Muitas destas marcas já começaram a rever os seus mapas de produção. Alguns falam em ‘friendshoring’ — deslocar fábricas para países aliados, longe de zonas de tensão geopolítica. Outros apostam no ‘reshoring’, ou seja, trazer parte da produção de volta à Europa ou aos EUA, mesmo que isso implique menor margem de lucro.

Para o consumidor final, os efeitos ainda estão por se materializar, mas são inevitáveis. Os produtos de luxo poderão subir de preço nos EUA, onde as tarifas incidem sobre bens europeus e asiáticos. Já os consumidores chineses, tradicionalmente ávidos por marcas ocidentais, poderão ressentir-se de retaliações internas ou de uma nova vaga de incentivos ao consumo de marcas nacionais. Além disso, há uma questão de perceção. As marcas de luxo vivem de desejo, de narrativa e de exclusividade.
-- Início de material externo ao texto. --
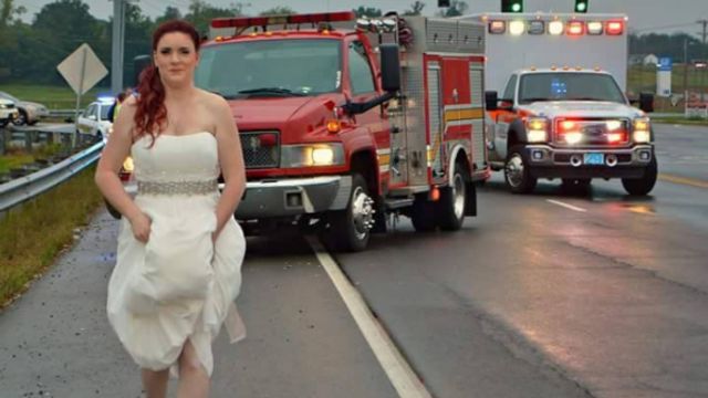 Scatto virale - Il gesto eroico è testimoniato da una fotografia, scattata dalla madre della sposa e postata sul profilo Facebook del "Montgomery County Emergency Medical Services". Un'immagine che ha già fatto il giro del mondo. in cui la si vede camminare per strada. Con l'abito raccolto alle ginocchia, le ballerine ai piedi e un camion dei pompieri alle spalle.

Em tempos de incerteza, esse desejo pode ser comprometido, sobretudo se for associado a instabilidade económica ou a preços inflacionados.

As medidas de Trump são também um sinal de uma tendência mais ampla: a fragmentação da globalização tal como a conhecemos. O regresso do protecionismo, o enfraquecimento da OMC, as tensões EUA-China, e os conflitos regionais têm contribuído para uma redefinição das regras do jogo.

Para o setor de luxo, esta nova realidade exigirá ajustes logísticos e comerciais, bem como narrativas adaptadas a consumidores mais cautelosos, conscientes e, em muitos casos, patrióticos. A indústria da moda e do luxo, embora seja muitas vezes vista como um bastião de estabilidade e crescimento, não está imune. Pelo contrário: é uma das primeiras a sentir o impacto, e talvez uma das últimas a recuperar. A única certeza é a de que o luxo terá de – mais uma vez – reinventar-se. Menos exuberância, mais estratégia. Menos glamour, mais resiliência.